Have most researchers in your discipline moved into having more sound data management practices or is it still something that has not caught on?
Using data management creates a precedent, and raises expectations of what people could and should do. A few years ago, I worked on a project with two other PIs. When we wrote papers together, I insisted on depositing the data into a repository and things went smoothly. Recently, when speaking to one of the two PIs, they mentioned how much they liked my data management practices and had since followed on. However, they also mentioned that the third PI had not kept up with the model, because they deemed their data to be really valuable and important. They felt that if a student invested in doing a piece of research, he or she needs to be able to write a couple papers using that data before sharing it. While we both understood those sentiments, at some point keeping data private goes beyond data protection and becomes data hoarding. Data should be published as soon as it stops being precious, if not earlier.
Personally, I don't feel the need to keep much data hidden, because I don't think there is much immediate competition on most of the things I do. Even if there were, I also see benefits in someone else using my data before I do. In the longer term, that might allow me to build a broader research effort that is more robust.
Once you try open sharing, you may embrace it fully or slightly less so, but the benefits accumulate regardless.
What advice would you give a fellow researcher who wants to get started using data management?
My advice is that depositing data is only really hard once. Maybe the second time is hard-ish but it doesn't stay hard. Eventually, it's just coloring the process of doing research. Like many things, we learn it, we do it, and then it becomes easy. You have to figure out the timeline, the workflow and how to structure your data. But you get feedback from professional curators and you learn from your mistakes. Afterwards, it only requires a small effort to do it right every time. There is no reason it should slow down research in any way once it becomes part of how you do things.
In practice, the impacts of managing data quickly trickle down to other areas. One thing you will notice is that your entire research process becomes geared towards the deposition process. Once you know you're going to write a paper, you have some idea of the figures, and therefore you know how you're going to deposit the data. You know how to structure data, to write scripts etc. Everything becomes aligned towards the creation of a shareable deliverable.

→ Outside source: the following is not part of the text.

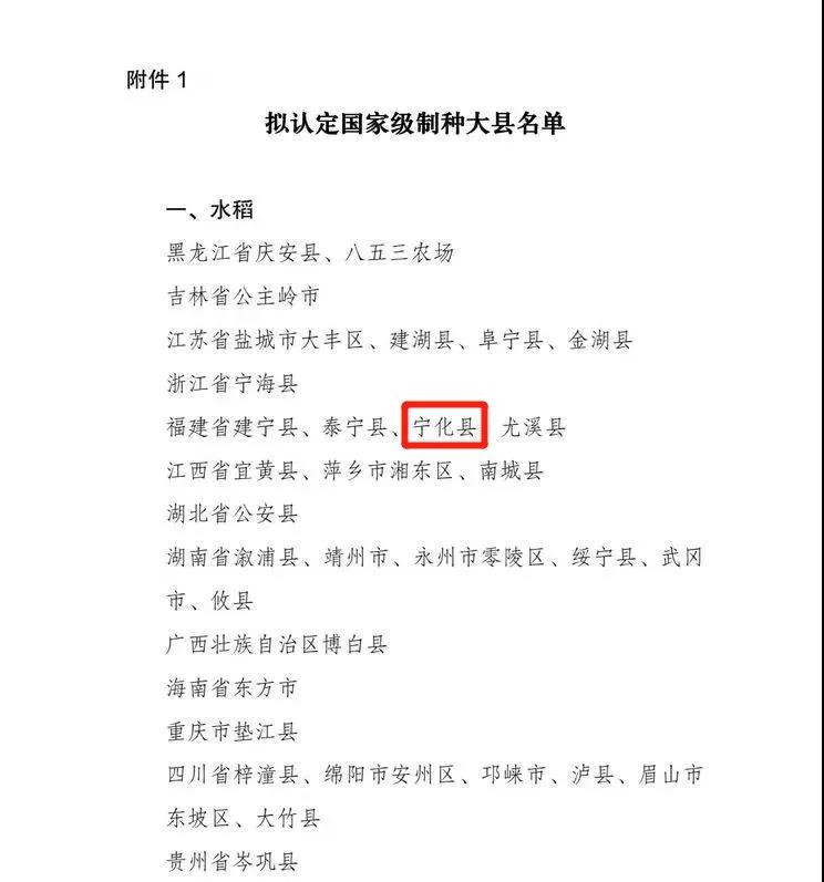 記者2月15日從農(nóng)業(yè)農(nóng)村部官網(wǎng)了解到,農(nóng)業(yè)農(nóng)村部對(duì)新一輪國(guó)家級(jí)制種大縣認(rèn)定進(jìn)行了公示,全國(guó)32個(gè)水稻制種大縣名單中,寧化縣首次入圍。
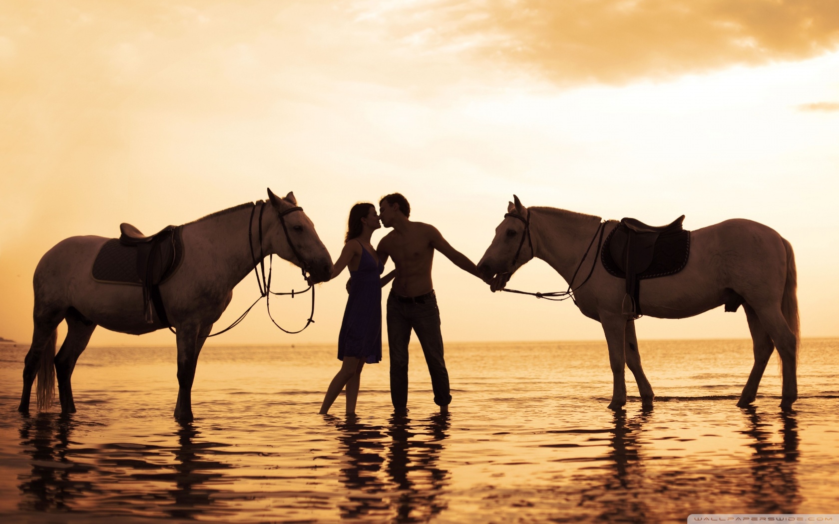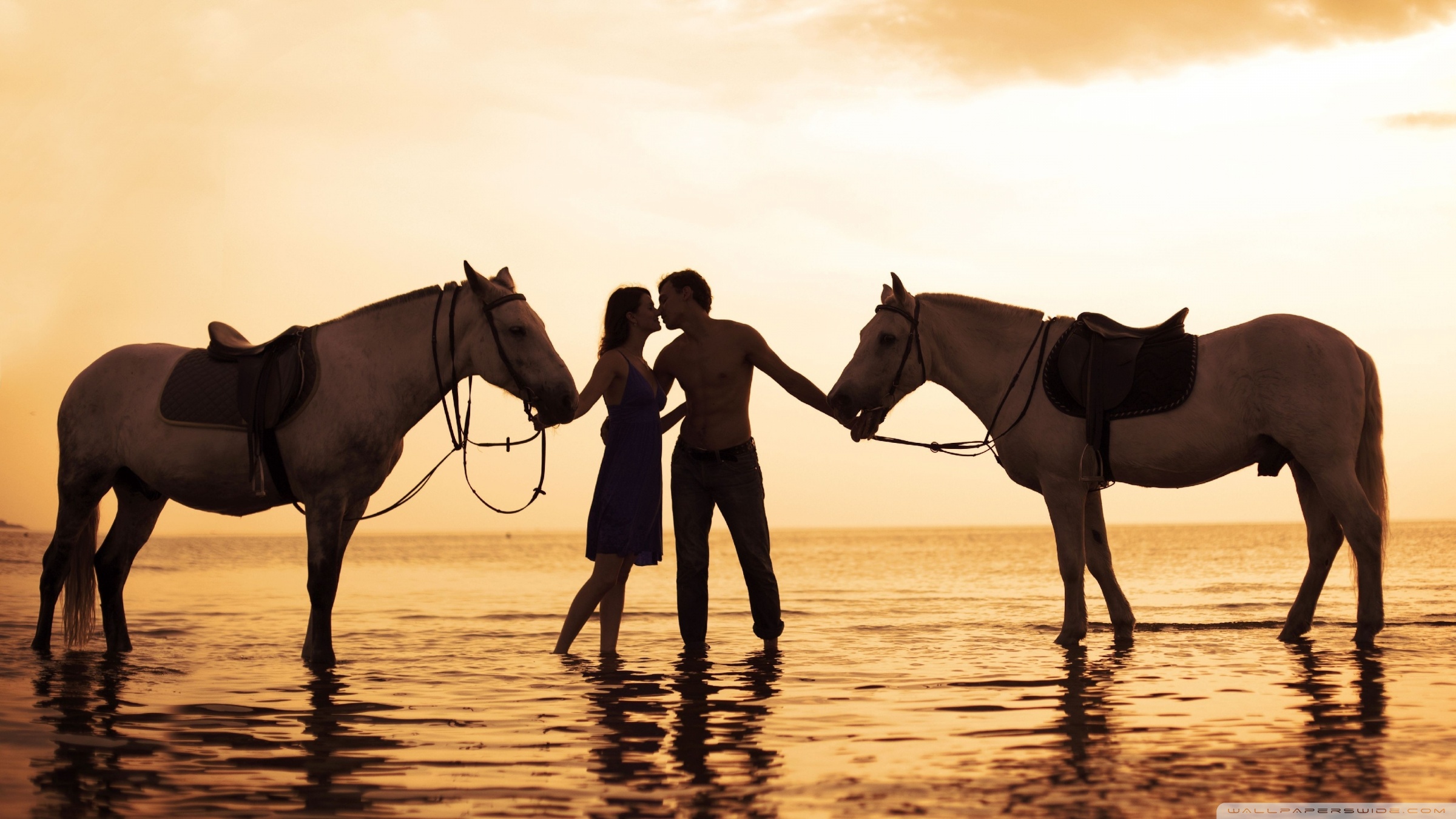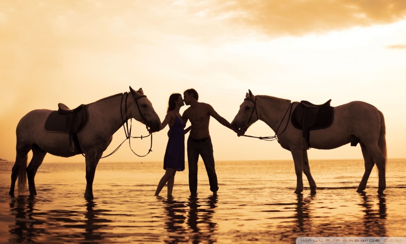 Download Couple With Horses On Beach 4K UHD Wallpaper

Do you have any closing thoughts or comments around data management?
I’ve been arguing for a long time that we should favor the ethos of data management, rather than a pushing a compliance-based approach. I genuinely believe that data management is good for you, good for your students, good for the group, and good for the research community. There are obviously situations that are harder to deal with, such as identifiable data, so I know that it's not always easy. But the key point is how much better you feel about your research when data management becomes part of the process.